Call them disabilities, differently-abled, or whatever you like; if you have a child that has a physical difference of some sort eventually you will have to deal with it.
My son Sean was born with Unilateral Microtia. That is a very large term which simply means he has only one working ear, the other is almost not there. I didn’t do anything to cause it, as far as I know it doesn’t run in the family, but there it is…and I see it every time I look at my son.
It took me a long time to get over the feeling of guilt. Maybe I didn’t eat right. Maybe I didn’t eat enough organics. The conclusion that I finally came to was maybe I did everything right and it just happened. Sean’s unilateral microtia means that he is deaf in one ear. His ear, what there is of it looks funny”. And as much as I want to beat up every kid that teases him I can’t.
We have been lucky. I homeschool him and the kids at our church are a pretty accepting lot. Once in awhile someone teases him about it but it is usually a new kid showing off, and it is rare. Sean handles it well. He just tells people that is the way God made him. Period.
There is surgery available to him but it is something I want him to decide for himself. It is a long and involved surgery, painful healing times, and I am not sure that a well adjusted 11 year old needs it. I feel it should be his choice when he is old enough to decide. We have encouraged him to accept himself the way he is and accept that sometimes other people will disdain him because of his ear. He is o.k. with that.
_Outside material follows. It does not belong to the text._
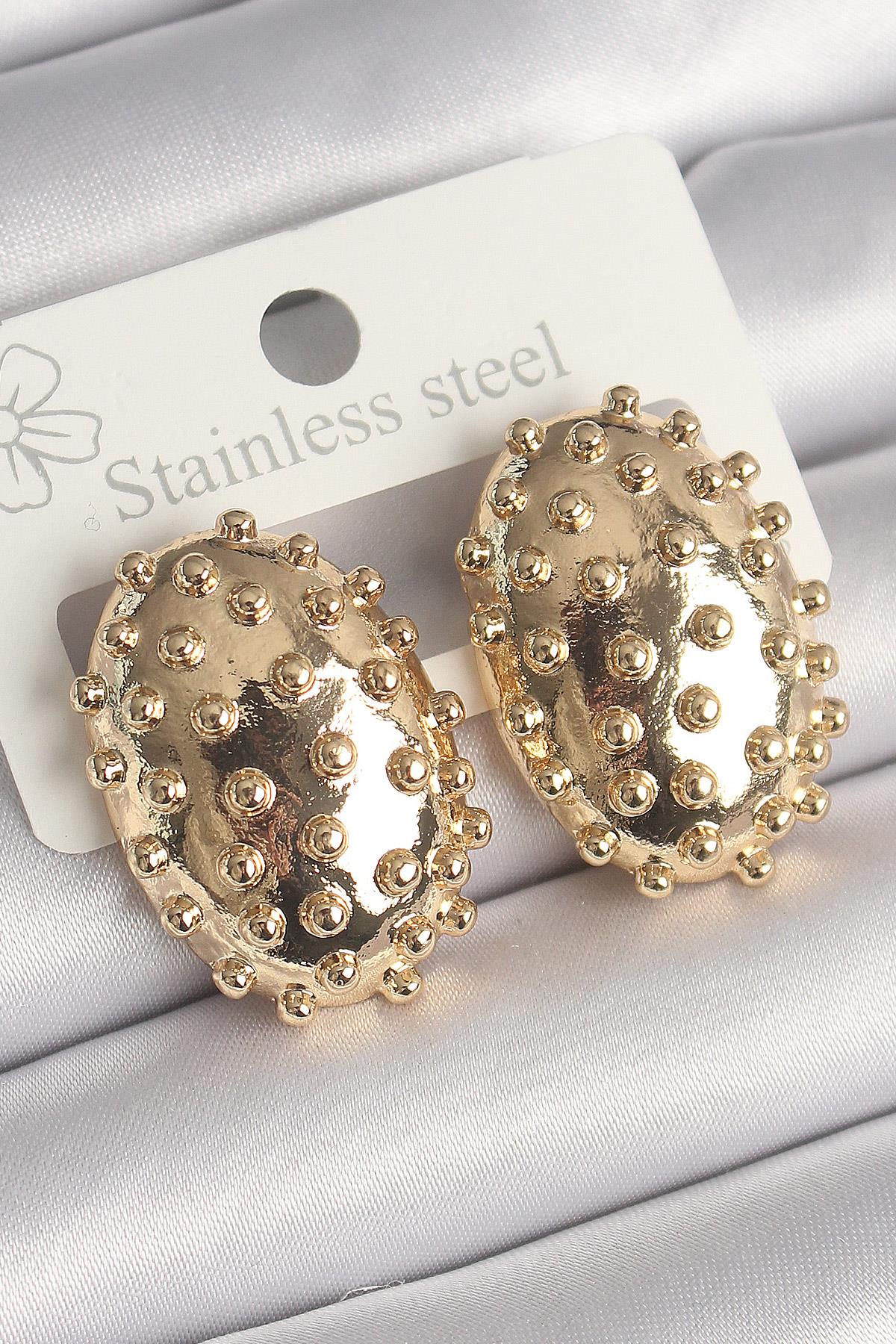 Pirinç Gold Renk İşleme Detaylı Oval Bombe Plaka Model Kadın Küpe
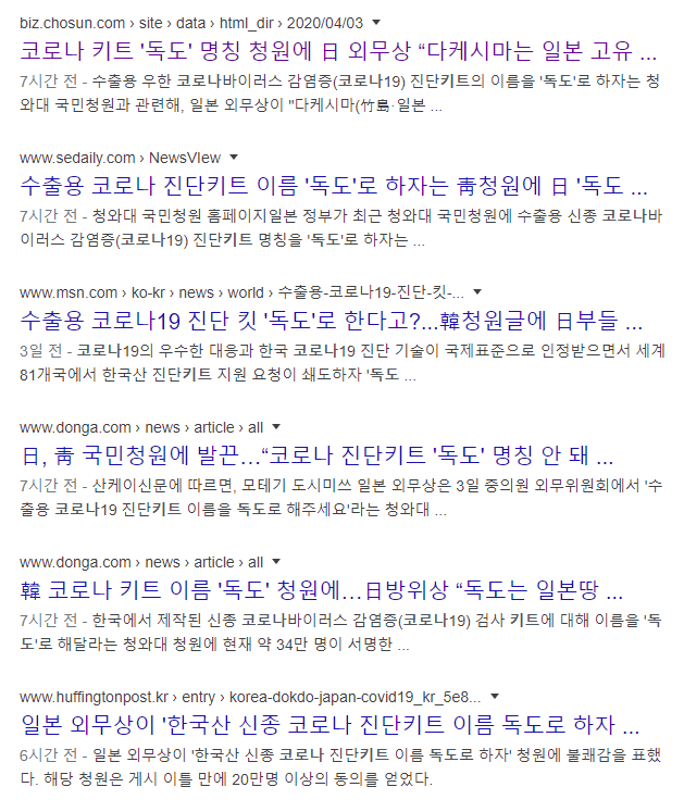 | 수출형 한국산 코로나 바이러스 진단 키트의 명칭 청원(a.k.a 독도) (0) | 2020.04.03 |

He has learned to be open with others. If he is in a church situation like Sunday School he knows to tell the teacher if he is having trouble hearing. For a short time he tried to get out of doing his chores with the “Sorry, mom, I didn’t hear you” card. I figured that out really quick and I make sure he is looking at me when I speak to him. He gets cut no slack for not hearing me.
Accepting a difference of any sort is just that. It is accepting that there is a difference and that you will have to work around that difference. Pretending it doesn’t exist or giving it too much attention are not healthy ways to deal with it. Do you have a child that has a physical difference? How do you handle it when it comes to other kids and social situations?